Laka is a ‘digital mutual’ that charges customers retrospectively according to the previous months’ claims experience.
The company began trading in January 2018 after rebranding from ‘Insure A Thing’ to Laka – the Hawaiian goddess of prosperity and hula dancing. Its initial product was insurance for high value bikes in the UK. This has allowed the firm to test its hypothesis – that people will take better care of their possessions if they can see a direct link to their insurance premium.
Customers are billed monthly in arrears. The bill explains how many claims were paid in the previous month and sets the premium accordingly. This will increasingly differentiate between groups, for example bike clubs initially but larger groups such as solicitors longer term. Customers benefit from a monthly cap, which Laka claims is at the level of a regular, competitive bike insurance policy.
Laka buys insurance from Zurich UK to cover the risk of claims exceeding the cap (they haven’t yet). Laka also pays Zurich a fee to provide it with working capital. It is therefore the case, that Laka’s greatest financial risk is credit risk (i.e. the risk that customers do not pay at the end of the month – also not happened yet) rather than underwriting risk.

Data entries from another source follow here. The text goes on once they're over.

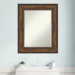 - MIRROR DETAILS: This mirror features premium glass for a clear, undistorted image and is finished with a petite 1/2-inch beveled edge which is more delicate than a traditional bevel. The overall size of this bathroom mirror measures 25.5 x 31.5 inches, including the frame. Its reflective area measures 18 x 24 inches.
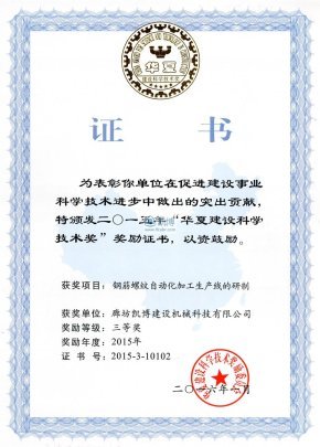 華夏建設科學技術獎 鋼筋螺紋自動化加工生產(chǎn)線的研制
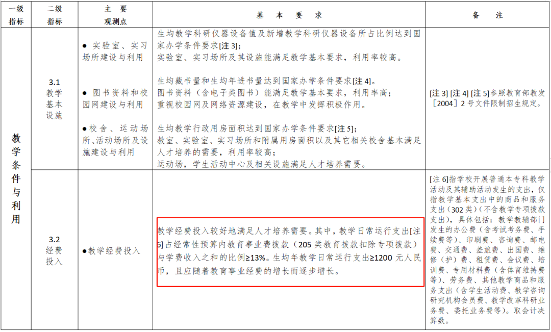 3.仪器设备。普通本科学校生均教学科研仪器设备值,理、工、农、医类和师范院校应不低于5000元,人文、社会科学类院校应不低于3000元,体育、艺术类院校应不低于4000元。
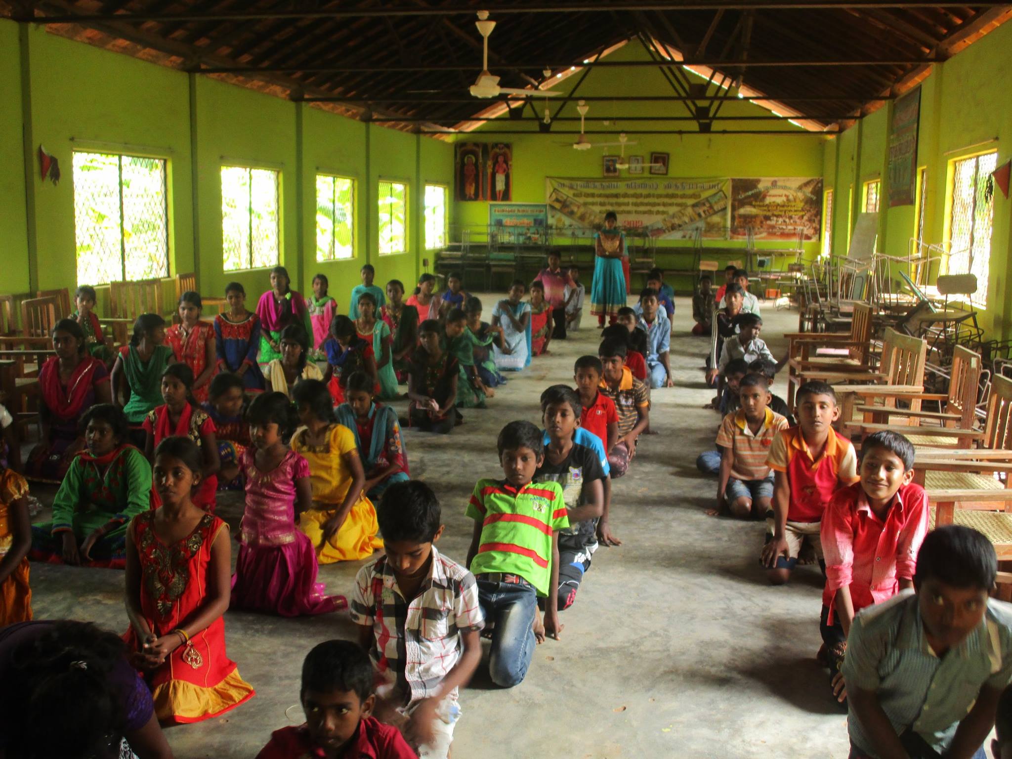 Following the event of providing learning equipment to the students, the improvement of moral schools held in Tharanikulam and surrounding villages was examined and yogasana meditation training class was held for the participating students by yogasana professor Sodhimoorthy and the event ended happily.
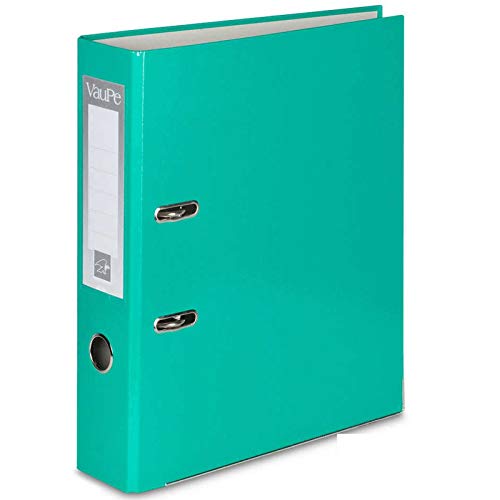 Raccoglitore in cartone formato A4, largo 75 mm, con meccanismo a leva, per documenti. Leva in metallo, da premere con un dito. Per la scuola o per l'ufficio 5 x Turquoise
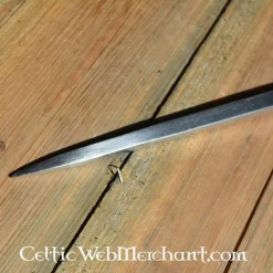 Produkt detaljer: Hovedstørrelse: 56,5 x 23 cm / Ringdiameter: 3,2 cm / Materiale: DA45 fjederstål / Edge: halvskarpt / skaft medfølger: nej / based on da historisk original: ja /
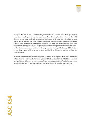 This year, students in ASC 2 have been fully immersed in the world of Agriculture, gaining both
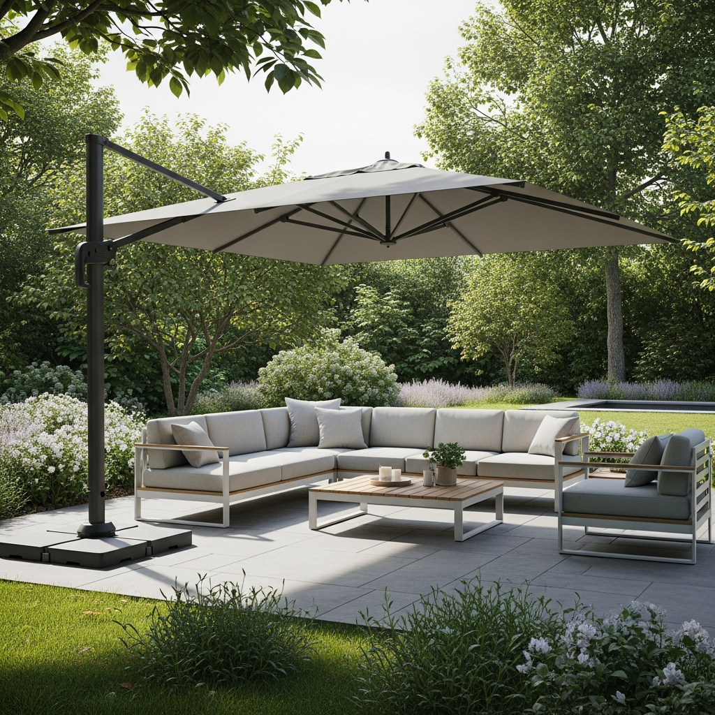 A large cantilever umbrella offers adjustable shade without the obstruction of a central pole. This allows for unobstructed views and more flexible furniture placement. Choose a model with a heavy base and UV-protective fabric to ensure safety and longevity during peak summer sun.
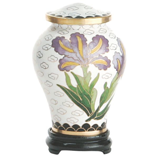 The White Iris cloisonné token cremation urn is crafted in the shape of a traditional style vase with a hand-applied enamel. It has a top-opening lid and a plastic base is included.
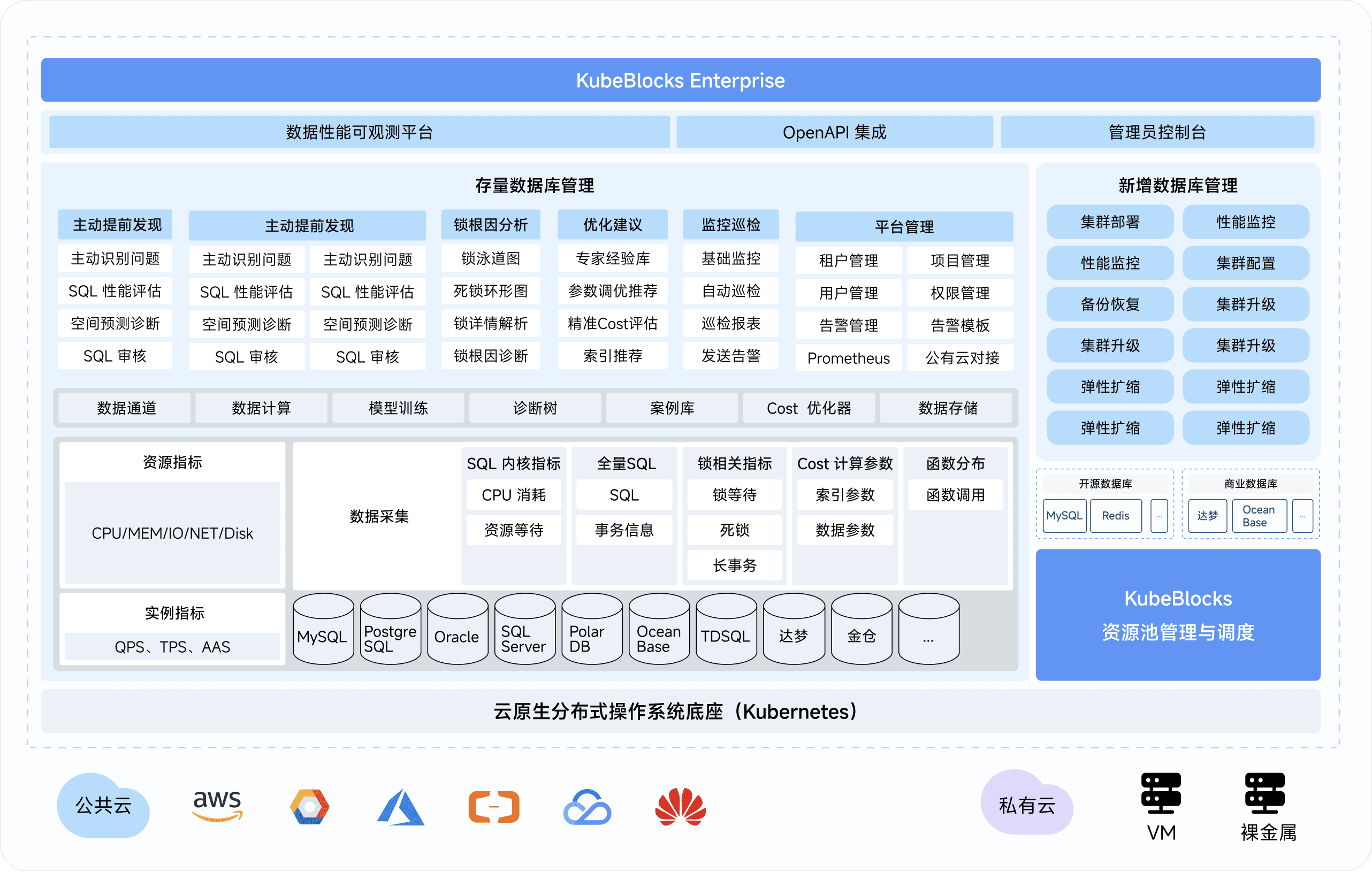 不仅支持管理用户已部署的存量数据库,还支持增量数据库集群,满足用户对数据库的所有业务需求,实现存量与增量集群一体化管理。

The company makes money by charging a fee on top of claims it pays.
Laka raised £1.1m in seed funding in June 2018 and used this money to double the size of its team to 15, refine its product and most significantly find the most effective ways to reach customers. It is now preparing for a new round and aims to launch four new products next year.
Laka is also gearing up to launch in Malaysia. CEO Tobias Taupitz (a former banker) says he expects to gain regulatory approval in Q1 2019. He has confirmed an underwriting partnership and a distribution deal with AirAsia. A coincidental benefit of Laka’s proposition is that it complies with Takaful (Islamic insurance), which makes countries with significant Muslim populations an appealing area of expansion.
THE OXBOW PARTNERS VIEW
We like Laka’s proposition despite not generally being fans of peer-to-peermodels.
We found many P2P models too complex to engage the mass market (now-defunct Guevara was a good example), or considered the growth model implausible (how often do you pitch insurance to your friends at a dinner party?). What we like about Laka is the simplicity of its proposition: “do you want to get a transparently-calculated discount of up to 100% on your insurance premium?”. What’s not to like, as they say?
We see many applications for Laka, whether as a stand-alone business (‘Distribution InsurTech’) or as a service provider to incumbents (‘Supplier InsurTech’). For example, an insurer could use Laka’s model to offer affinity groups (e.g. village halls or architects) a differentiated proposition. Laka could transform the affinity from being a marketing list to a pool of customers with aligned interests and, therefore, better loss experience.
And that’s quite apart from the huge Takaful opportunity – for which entry into Asia alongside one of the region’s most prominent businessmen is surely a huge result for an early stage business.
Note that Chris Sandilands was an early investor in Laka.